I Know I Should Follow Your Blog But…

Welcome to Deep-Fried Friday, where my taste tends toward juicy and crispy thoughts. You’ll have to tell me whether today’s is more juicy or crispy to you.

Last week, I wrote two days on my young adult novel. There are three reasons why my work-in-progress got so little attention:

  1. I felt much better this week (after having mono for four weeks), so I was frantically trying to catch up with household to-do’s that had fallen so deep in the cracks I needed a headlamp and a crowbar to find and pull them out.
  2. One scene started to drag. I spent some time figuring out how to ditch that rabbit trail and get on the right path.
  3. I spent hours and hours catching up with blog reading and commenting!

When I wrote my first novel, I sat alone in my house writing for 1-5 hours a day. I didn’t know what I was doing, other than I had an overall plot and had read enough books to have some idea of what worked and what didn’t. Within a few months, I had a completed first draft. Very few people had any idea that I was writing a book.

Fast forward two years plus, and I am now writing my third novel, and everybody and their cocker spaniel knows it. I have a blog, a Facebook page, a Twitter account, two Triberr tribes, a Goodreads account, and more — with all of the fabulous friends that come with that.

I have learned so much in the past year from writer groups, conferences, craft books, and blogs. I’ve discovered excellent tools and software for plotting and writing. Thankfully, this book won’t have 23 drafts to get it right. I know something about an author’s platform. I have researched publishing options and agents. My knowledge base is better now.

All good stuff.

But I am writing far fewer hours than when it was lonely me and my laptop.

I continue to meet wonderful writers through various channels, and I think to myself so often, “Maybe I should follow their blog.” This occurs to me also because of something romance author Roni Loren covered in a fabulous post titled Enough with the Quid Pro Quo Blogging Etiquette. We often feel a sense of tit-for-tat. There are some who follow my blog whom I have not followed back (thanks, sorry, love ya). I know I’m missing some wonderful content, and I could learn even more from many authors out there.
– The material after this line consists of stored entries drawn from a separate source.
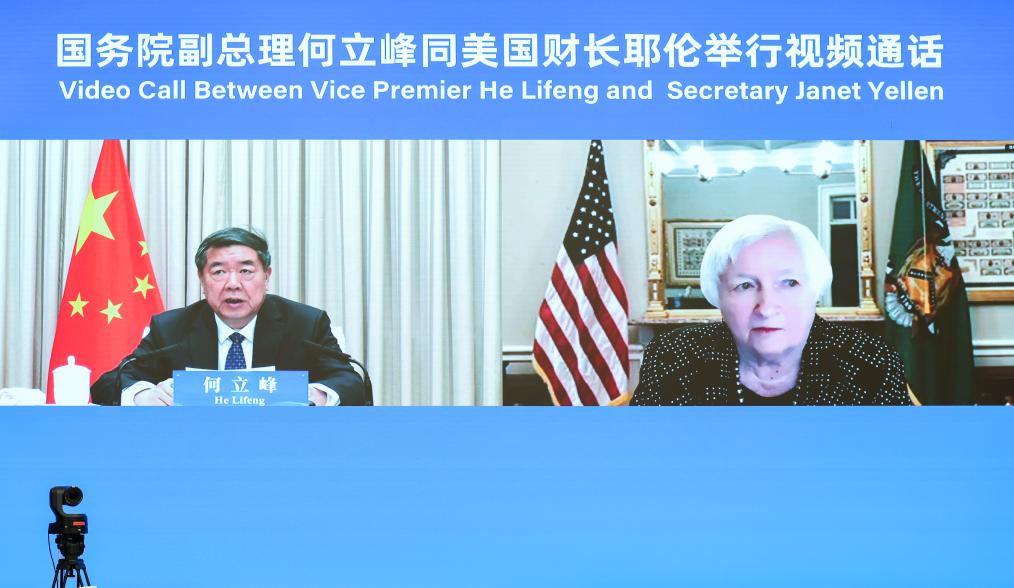 BEIJING, 7 janvier (Xinhua) -- Le vice-Premier ministre chinois, He Lifeng, s'est entretenu mardi par liaison vidéo avec la secrétaire américaine au Trésor, Janet Yellen. Les deux parties ont convenu de maintenir la communication, de gérer les différends et de continuer de stabiliser les relations économiques sino-américaines pendant la période de transition aux Etats-Unis.
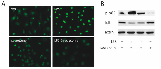 Secretome hampers p65 nuclear translocation and phosphorylation. Murine bone marrow-derived macrophages were exposed to secretome followed by adding LPS for 25 min. (A) The p65 nuclear signal in macrophages being exposed to LPS shows a reduced intensity when combined with the secretome. (B) The secretome reduces LPS-induced phosphorylation of p65 in primary macrophages. Serum-starved murine bone marrow-derived macrophages were exposed to secretome and LPS for 25 min. Targets were detected by antibodies raised against phosphor p65 and IκB.
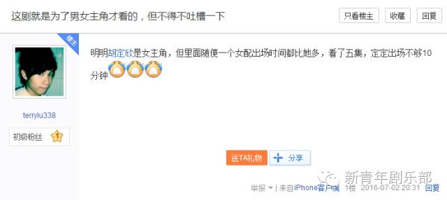 但也有不少网友反映女主胡定欣的戏份太少,不够过瘾
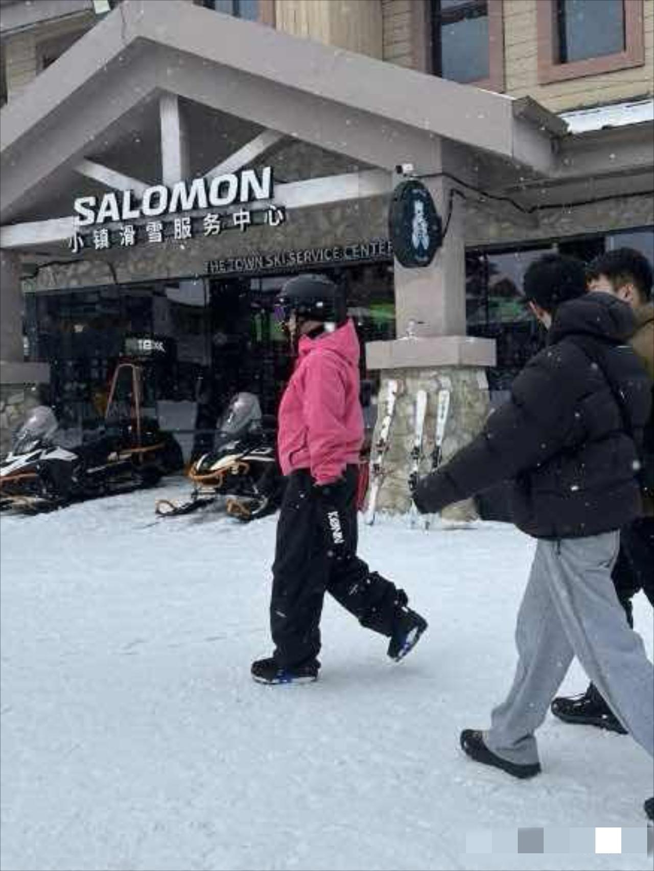 镜头中身穿粉红外套的李晨皮肤松弛,略显发福,眼袋深刻,法令纹清晰,下巴前倾,鼻头
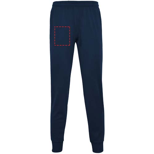 Trousers with adjustable elastic waistband with inner drawcord. Side pockets. Cuffs and zip on bottom leg. Removable label.
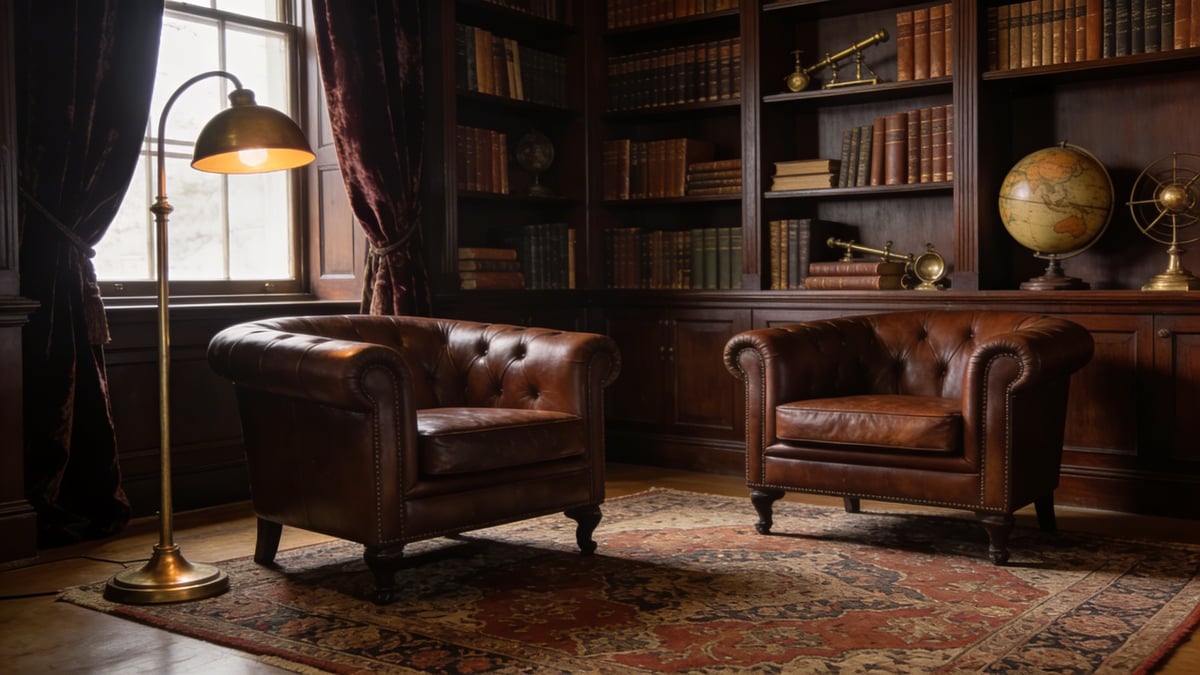 Żadna domowa biblioteka nie może się obyć bez wygodnego, zachęcającego do długich godzin lektury miejsca do siedzenia. Tutaj króluje niepodzielnie skórzany fotel klubowy. Jego charakterystyczne, nisko osadzone siedzisko, głęboka opcja, pochylone oparcie i podłokietniki są wręcz ikoniczne. Ale uwaga: nie każdy skórzany fotel pasuje do dark academia. Kluczowe jest poczucie autentyczności i czasu.

But did I mention that I wrote on my young adult novel approximately two hours last week? That’s pitiful.

Stephen Covey’s wonderful book The 7 Habits of Highly Effective People has made me reconsider through the years how I am using my time. Am I setting my priorities well? In the book, he talked about how we spend our hours engaged in one of four quadrants based on whether an activity is important and urgent.

I’ve been contemplating where each of my time’s activities fit. In particular, where does blog reading fit? How important is it? How urgent is it?

Covey explains that we tend to spend little time with those things that are Important but not Urgent — for instance, going out on a date with our spouse, keeping up with discoveries in our field, visiting someone in the hospital, reading great literature, taking a class that stretches us.

When writing without a book contract or a self-publishing deadline, working on your novel is Important but not Urgent — Quadrant II. But I want to be a writer. I know the way to do that is — hello, how many times have I heard it! — to write consistently.

As much as I hate to admit it, I can’t follow everyone’s blog. I can’t even follow all of the “You MUST follow this fabulous author!” blogs. There are too many quality writers out there with something to offer, from whom I could learn, and whom I’d love to get to know.

There is one of me. Twenty-four hours in a day. One book to pitch, one book to edit, one book to finish, and about four other projects I’ve started which beg for my attention too. Not to mention family, spouse, house, etc.

I’ll keep reading blogs. I’ll click on titles that interest me when I see links flash up on my Twitter feed. I will visit the blogs of people I see on my site. I will follow interesting links in blog mashups. But I can’t read blogs all day because I am a writer. I must write.

How do you balance your desire to read interesting, entertaining, or informative blog posts and your need to accomplish other tasks? Have you found a formula that works? Do you wish you could follow more blogs, but simply can’t find the time?